Speaker
Description
Heavy flavour jets underpin a large part of the ATLAS physics programme, such as analyses of Higgs boson decays to quarks and super-symmetry searches with b-jets. The algorithms for identifying jets originating from b- and c-quarks are instrumental in these efforts, with the recently introduced GN2 model [1] showing remarkable improvements in tagging efficiency. Given its complexity and data demands, high-performance GPU clusters are essential for training GN2. Unfortunately, many within the collaboration lack such resources, emphasising the need for equitable project access. Additionally, the performance of GN2 can be improved through further optimisation of its hyperparameters, an even more computationally demanding task that can be automated with frameworks like Katib. Addressing these two challenges, the ATLAS flavour tagging group is assessing training on CERN IT's Kubeflow infrastructure for machine learning (ml.cern.ch) backed by Kubernetes. This talk will showcase a framework for CERN users to utilise these resources and present the initial results of this effort. Furthermore, the talk will highlight a cutting-edge approach to optimise hyperparameters using μTransfer [2], a deep learning technique recently developed to optimise large language models by zero-shot transferring the performance from lower-complexity models to their full-complexity equivalent.
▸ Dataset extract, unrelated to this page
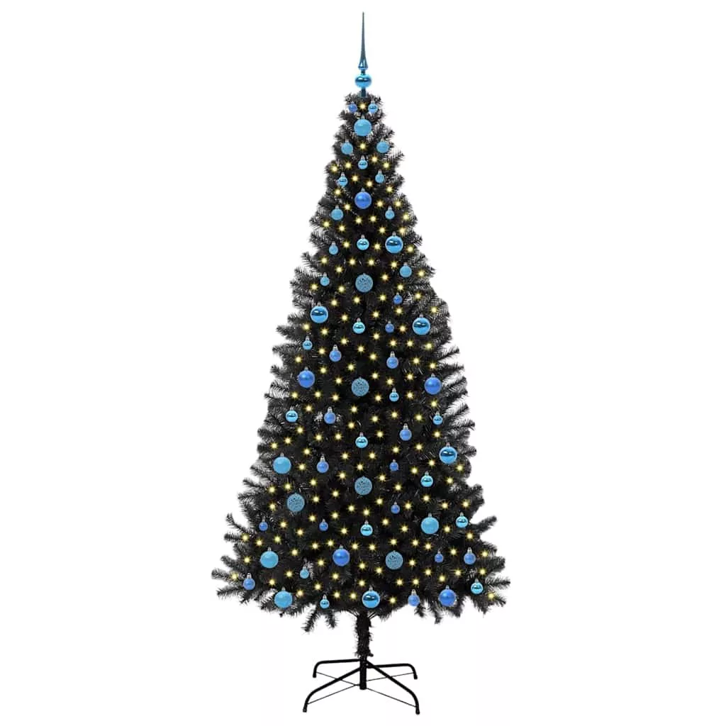 Karácsonyfa 300 LED-del állvánnyal Fekete 210 cm PVC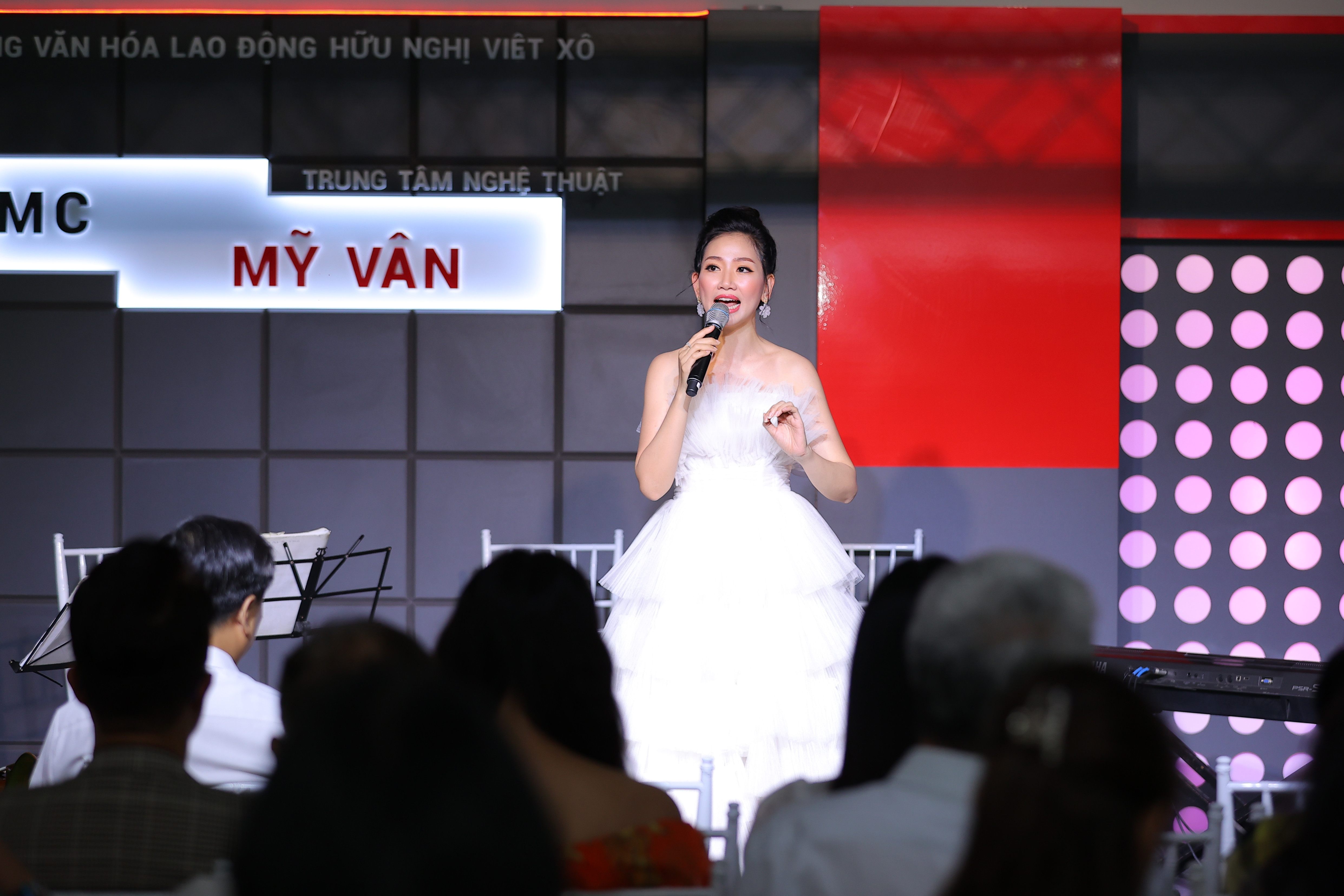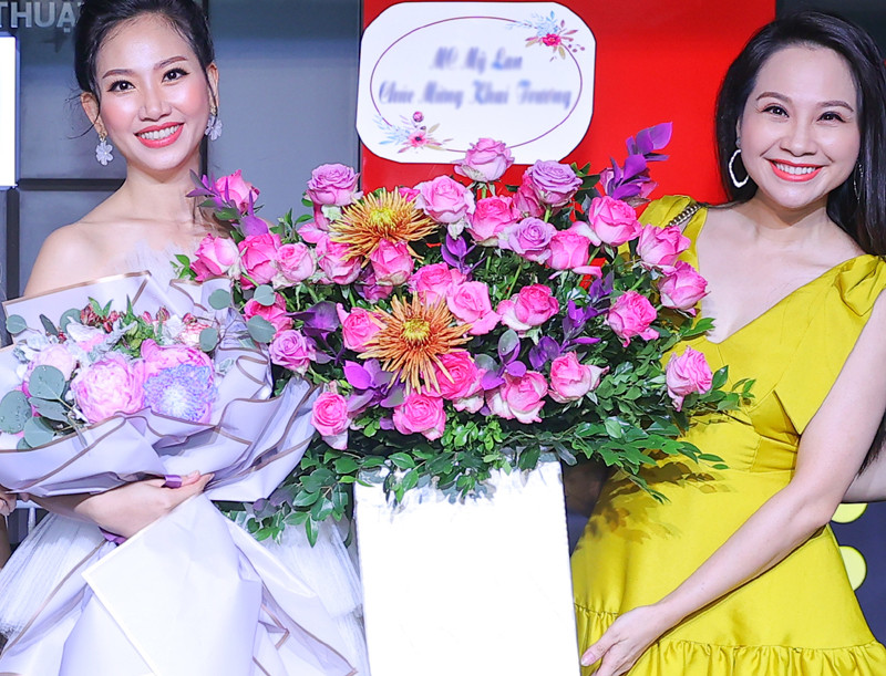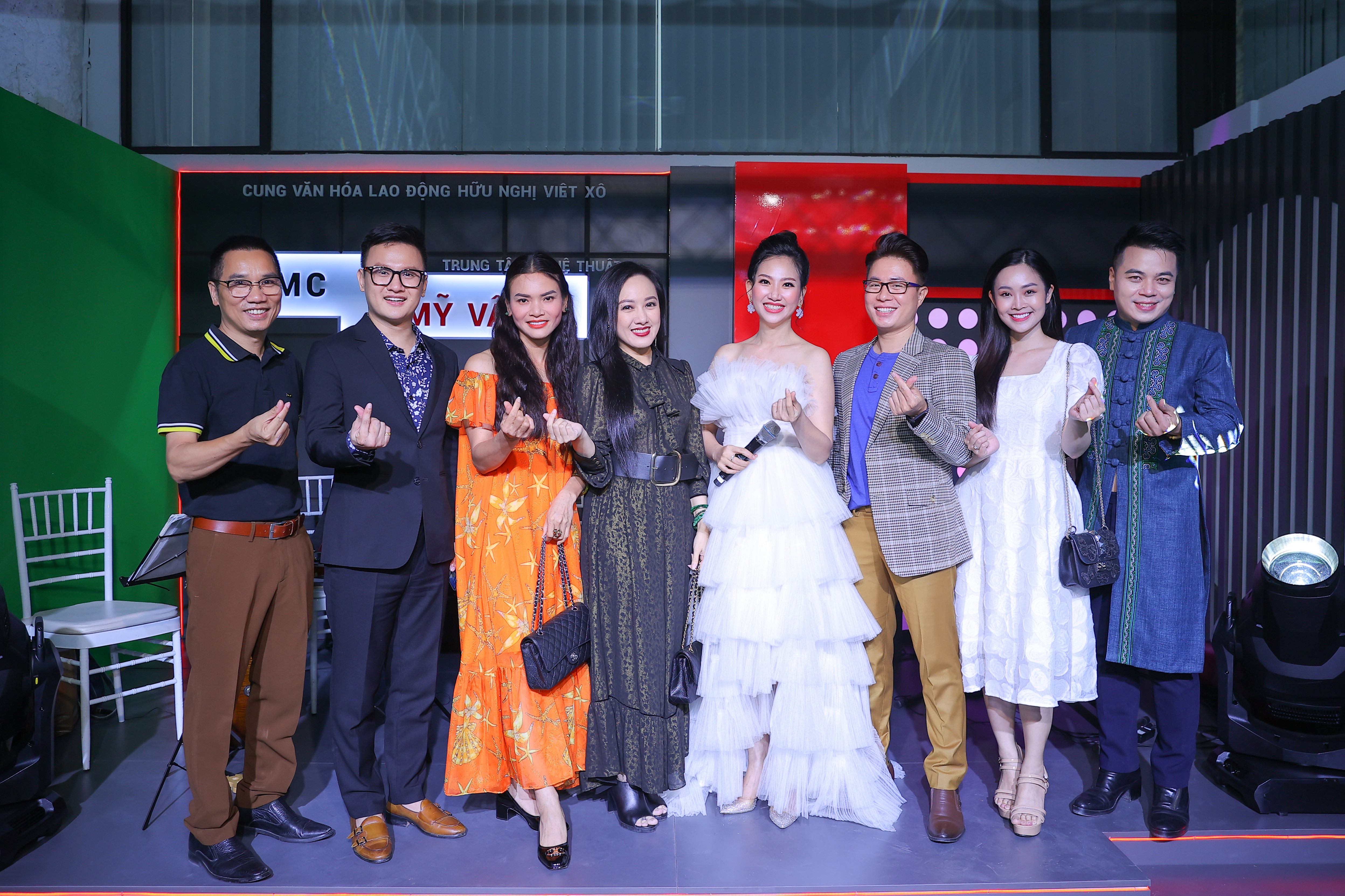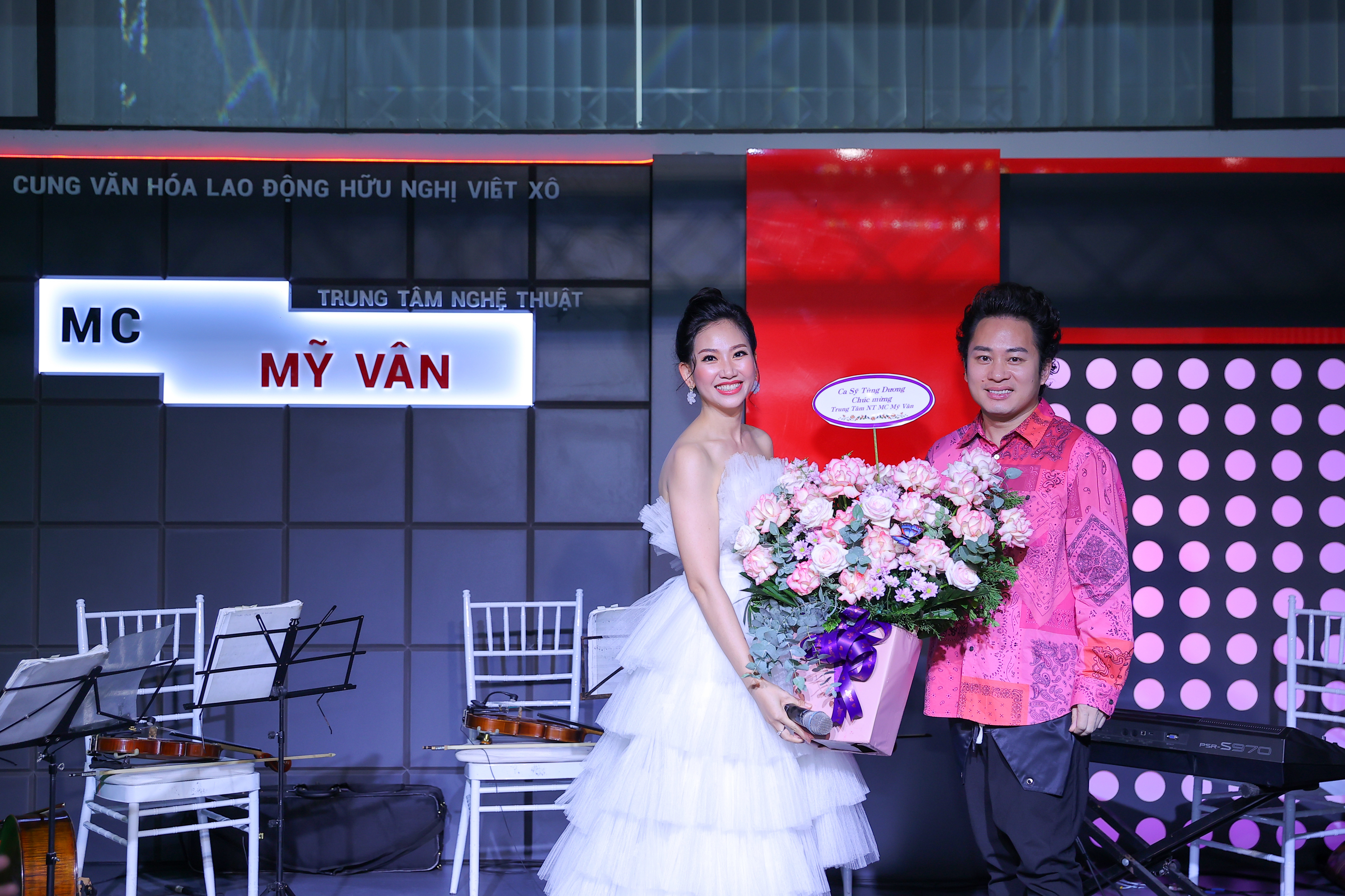 MC Hoài Anh, Lê Anh, Thùy Linh đến chúc mừng MC Mỹ Vân.MC Mỹ Lan tặng hoa chúc mừng người chị, người đồng nghiệp thân thiết. Mỹ Vân là MC quen thuộc của Đài truyền hình Việt Nam trong nhiều năm qua. Cô từng dẫn các cuộc thi như Sao Mai, Sao Mai điểm hẹn, các talkshow trên VTV và nhiều sự kiện khác. MC Mỹ Vân cùng MC Danh Tùng và nhà báo Ngô Bá Lục vừa phối hợp với Cung văn hóa Hữu nghị Việt Xô mở Trung tâm đào tạo MC cho các bạn yêu thích nghề dẫn chương trình. Các ca sĩ Phạm Phương Thảo, Tùng Dương, Tấn Minh... cũng tới chúc mừng MC Mỹ Vân. MC Thảo Vân, BTV Hoài Anh, Lê Anh, Thùy Linh,… sẽ tham gia giảng dạy ở trung tâm của Mỹ Vân.Tùng Dương chúc mừng MC Mỹ Vân.

While centred on an ATLAS use case, the methodology presented will be relevant to any collaboration employing advanced ML.
[1] ATLAS Collaboration, Public plots for MC/MC and Data/MC comparisons of Dl1d and GN1, and simulation performance of GN2, (2023), https://atlas.web.cern.ch/Atlas/GROUPS/PHYSICS/PLOTS/FTAG-2023-01/
[2] Yang, Greg, et al., Tensor programs v: Tuning large neural networks via zero-shot hyperparameter transfer. arXiv preprint arXiv:2203.03466 (2022).